Par l'acte citoyen-e et "responsable", devant notre déclaration d'impôt sur le revenu, il y a une forme d'égalité des droits et devoir (d'être honnête quoi) du patron comme de l'employé-e, etc..., consentants-es à contribuer à l'effort du bien commun. Dans le cadre d'un prélèvement à la source..., n'y a t-il pas disparition de cette égalité des droits et devoirs...? Ou passe alors le consentement et la responsabilité citoyenne de l'employé-e, etc...? Cela au seule profit d'une entité, l'entreprise (et les doutes énumérés plus haut), et du "bon vouloir" patronal, qui supplanterait alors en droit et en devoir, ceux du-de la citoyen-e lambda, et sa responsabilité..? Une forme de contradiction donc... De plus.., ces même entreprises, ce patronat, ne cessent de réclamer et plus de confiance, et plus d'argent public et autres cadeaux, et la préservation du secret fiscal, bancaire pour son entreprise et sa personne... Ce secret, qui s'apparente à la confidentialité des données privées des vies des salariés-es, etc.., même s'il est codifié par le fisc, n'en serait plus un pour le patronat... Encore une fois il n'y a donc rien d'égalitaire dans cette réforme fiscale, puisque le-a citoyen-e lambda, employé-e, etc..., n'aura aucun accès aux données sur les entreprises l'employant, quand elles en auront que trop. Est-ce honnête intellectuellement...? Est-ce moral et éthique..., quant on constate à quel point ces même entreprises, leur dirigeant-e, peuvent dévier de leurs droits et devoirs déjà existants à consentir à contribuer au bien commun...?

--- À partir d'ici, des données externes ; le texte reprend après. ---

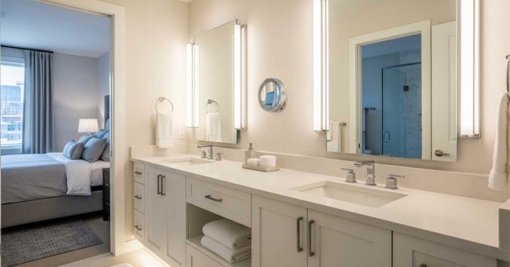 In shared suites, a double vanity enhances practicality while preserving elegance. Clean cabinetry with stone or quartz surfaces offers both beauty and functionality. Ample counter space ensures morning routines remain smooth and unhurried.

Alors que ce patronat implore qu'on lui fasse "confiance", aveuglément, et au vu des chiffres des fraudes aux cotisations sociales patronales (entre 15 et 20 milliards d'euros/ans, quand le déficit de l'UNEDIC atteindra les 22 milliards d'euros fin 2014), celles là même qui vont être supprimées en partie pour la branche famille, la chose a du mal à passer. Sauf quant elle est tue par les médias et les politiques bien sûr, comme c'est le cas. Peut-on alors envisager de lui, le patronat incriminé, donner plus de pouvoir, "les pleins pouvoirs", quant à déclarer nos exercices annuels, nos nets imposables quoi, en plus du reste..., sans qu'il puisse y voir une manière de gruger, de frauder encore plus le fisc...? On entend l'argument comme quoi, ce serait le fisc qui communiquerait sous forme de codes nos données personnelles au patronat afin de soit-disant garantir la "confidentialité" de nos vies privées... Quelle garantie aura t-on quant à la sûreté des déclarations..., le respect de la confidentialité (les codes pourront autant être craqués, pour ceux-celles le voulant, que les fraudes à la TVA qui atteignent le montant exorbitant de 32 milliards d'euros/ans par exemple, attestent de failles systémique majeures du fisc) quant on sait aussi que ce patronat peut ouvrir, déverrouiller quoi, plus facilement les portes de Bercy qu'un contribuable lambda...?  C'est bien connu que l'argent appelle l'argent et les moyens de s'en faire plus, comme les données gravitant autour...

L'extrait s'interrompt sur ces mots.